* _Input data_:
----------
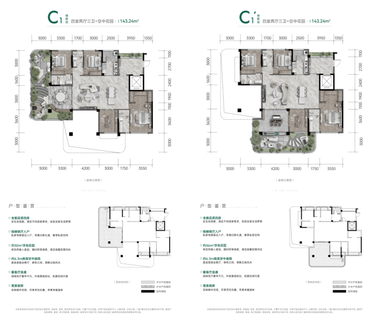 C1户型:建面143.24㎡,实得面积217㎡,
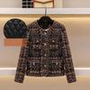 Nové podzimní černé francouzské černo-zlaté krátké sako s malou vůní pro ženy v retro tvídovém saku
----------
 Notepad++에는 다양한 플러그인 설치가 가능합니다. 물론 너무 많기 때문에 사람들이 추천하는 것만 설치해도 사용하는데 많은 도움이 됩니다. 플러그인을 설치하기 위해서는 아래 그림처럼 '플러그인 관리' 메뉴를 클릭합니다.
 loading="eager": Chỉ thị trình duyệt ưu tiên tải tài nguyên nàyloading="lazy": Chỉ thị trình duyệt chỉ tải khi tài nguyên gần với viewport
----------
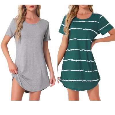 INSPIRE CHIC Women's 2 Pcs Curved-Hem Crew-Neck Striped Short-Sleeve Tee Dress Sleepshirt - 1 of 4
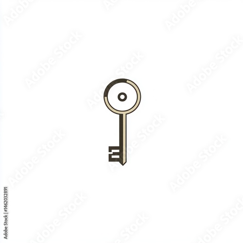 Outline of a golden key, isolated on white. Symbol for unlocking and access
----------
When you reach the line containing "INSPIRE CHIC Women's" in the entries above, begin restating word for word, and stop once the line containing "Outline of a" has been given. Omit the pictures.

 INSPIRE CHIC Women's 2 Pcs Curved-Hem Crew-Neck Striped Short-Sleeve Tee Dress Sleepshirt - 1 of 4
 Outline of a golden key, isolated on white. Symbol for unlocking and access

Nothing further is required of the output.